Author: John Patrick Allen
Meet Middlebury College's newest performing student band - Yuzimi. With enough catchy tunes to please a drunken partygoer, enough real talent to please a musician and enough contagious energy to make an audience get up and dance, Yuzimi is ready to take a solid place in the College music scene. After the band's first performance at Liebstock 2008, The Middlebury Campus spoke with four of Yuzimi's five members - Aaron Krivitzky '09, Matt Vaughan '09, Adam Levine '09 and Dan Neslusan '09 - about the group's identity, style and goals.
The Campus: How did Yuzimi form?
Aaron Krivitzky: That's a complicated question.
Matt Vaughan: All of us have played in different bands before. Aaron and I had the idea for this type of band for about a year. Finally everyone joined, but we needed a singer. I had seen Elizabeth [Goffe '10] in Certified Organic Musical. She had also worked with Aaron, Adam and Dan before, so we just asked her to try something new. She was more than enthusiastic. Since then we've all been having a good time. We're all very dedicated.
Adam Levine: We've all played together before in different contexts, and this is a sort of culmination of all that.
TC: What do you mean by "this type of band?"
MV: A rockin' party band that plays funky songs and makes people want to dance. We want to make music that resonates with people but is also really interesting to play and challenging.
AK: I've played in party bands before and it was less than enthralling.
AL: The problem is that the kind of music most people like [from a 'party band'] gets boring to musicians, and the kind musicians like gets boring to most people. So we had to find an equilibrium.
TC: What does the band's name mean?
MV: My idea was to give it a different meaning every show - but maybe that should be off the record. Yuzimi is a patwa [Jamaican slang] word. It means "y'dig it?"
TC: Liebstock was your first performance. Talk about that.
Dan Neslusan: It was a great performance. It was great to be up on the stage with the PAs and the whole sound system and everything. We were really happy with how many people came out to see the show.
AK: We might have been ready to play well before the gig, but it was nice to know that we were all prepared and musically on the same page. If you start out just excited about having a band [without real practice], you end up having to win people back as you get better, which is hard to do - especially at Middlebury. But if you start out with a tight gig and people having fun, you hit the ground running.
TC: You said starting out as a band is especially difficult here. Why?
AK: It's hard on this campus to get people psyched about live music. I think there are three reasons. First, there's a limited amount of bands on campus, and people probably won't want to hear the same three bands all the time, so they might be less enthusiastic about live music in general. Also, the social scene isn't the most conducive to live music. Musical tastes on campus are very different, and so most people just get a DJ. But live music is more fun. Always.
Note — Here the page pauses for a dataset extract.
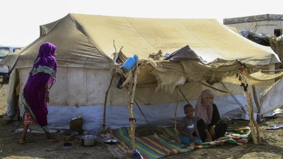 Unos desplazados que huyeron de los estados sudaneses de Jartum y Jazira, sentados a la sombra en sus tiendas de un campamento en el sureño estado de Gadaref el 20 de marzo de 2024 © – / AFP

AK: The third thing is - and you guys can disagree with me on this - there aren't enough good venues in this school or in this town. Like this Grille place right in front of us. It's nice, but it's not very conducive to live music, or hosting a party.
AK: And [the limited live music scene] is frustrating, because there are tons of talented kids here. We just need a better network.
MV: We're trying to change that. The more people who come out to support live music, the better. It's just more fun.
TC: Do you have a method for choosing which songs to play?
MV: Yes. Always songs we like to play.
AL: That's number one.
MV: And that we think will be well-received: what do people want to dance to?
AK: We tend to do songs that are either funky, beautiful - ones everyone knows - or just crazy dance-a-thons. The way we pick songs is very democratic. Each of us has contributed a song.
AL: Usually [in a band], there's just one leader, but this is an extremely democratic band - the most democratic I've ever played in.
TC: This might sound a little cheesy, but what does the future of Yuzimi look like?`
AL: At this point we're not thinking too much about the future. We've only been playing together for what, a month? We were wise enough to keep our heads in the present. We're still in the beginning stages where we're learning each other's strengths and weaknesses.
MV: We do all have the advantage of having played in bands before. We're having a blast.